Alongside these narratives of militancy stand contrasting — and equally ancient — narratives of religion as a source of peace. Peace is a theme of central importance in the scriptures of all the great traditions. In the Hebrew Bible the prophet Isaiah envisions the nations beating their swords into plowshares, and greets one another with shalom; in Christianity Jesus is called the “Prince of Peace” (following Isaiah 9:6); in Islam the very greeting is one of peace (salaam), and the Qur’an exalts reconciliation and mercy; the Buddha taught ahimsa, non-harming, a principle shared with the Hindu and Jain traditions from which Gandhi drew his philosophy of non-violence. Because the word “peace” has multiple meanings (inner/spiritual, inter-personal, eschatological, security from harm, etc.), it can be difficult to discern what the social and political implications of these peace affirmations will be in each instance. Moreover, these traditions allow for the use of force in some settings, e.g., for policing, defense of the polity against external threats, or for other rationales such as protection of believers from forced conversion or blasphemy. Hence religious calls to peace should not be equated, purely and simply, with advocacy of non-violence, although admittedly some exponents present their traditions in this way.
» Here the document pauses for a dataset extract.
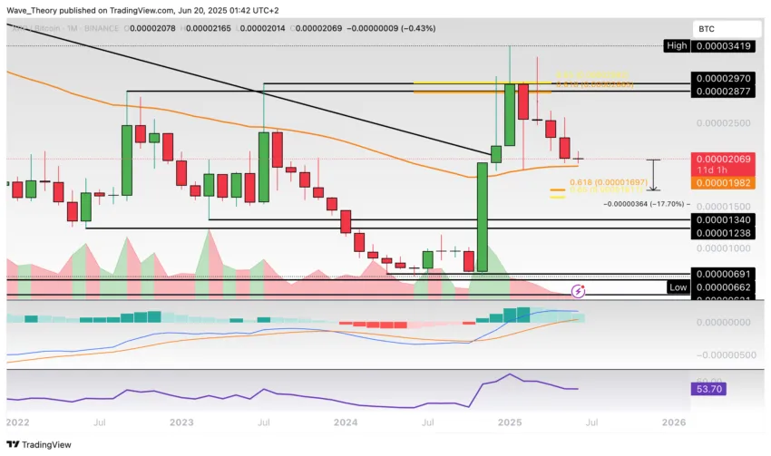 Gegen Bitcoin geht es für Ripple seit fünf Monaten bergab. Dabei stößt er jetzt am 50-Monate-EMA bei rund 0,00001982 BTC auf signifikante Unterstützung.

While a constant within Christianity (Jesus has traditionally been called the “Prince of Peace” – following Isaiah 9:6), peace within and between polities has become a major theme for recent popes. Peace was a centerpiece of Pope Francis’s encyclical Fratelli tutti, and Leo has placed peace at the heart of his papacy. While the personal dimensions of (“inner”) peace receive mention, the accent is most frequently put on the social dimensions of peace, as in his recent address to the diplomatic corps represented at the Holy See. Referring to St. Augustine’s City of God, Pope Leo emphasizes how achieving peace in this “temporal” world has, for precondition, an openness to spiritual values and the transcendent God:
While Saint Augustine highlights the coexistence of the heavenly and earthly cities until the end of time, our era seems somewhat inclined to deny the city of God its “right of citizenship.” It seems that only the earthly city exists, enclosed exclusively within its borders. Seeking only immanent goods undermines that “tranquility of order,” which, for Augustine, constitutes the very essence of peace, which concerns society and nations as much as the human soul itself, and is essential for any civil coexistence. …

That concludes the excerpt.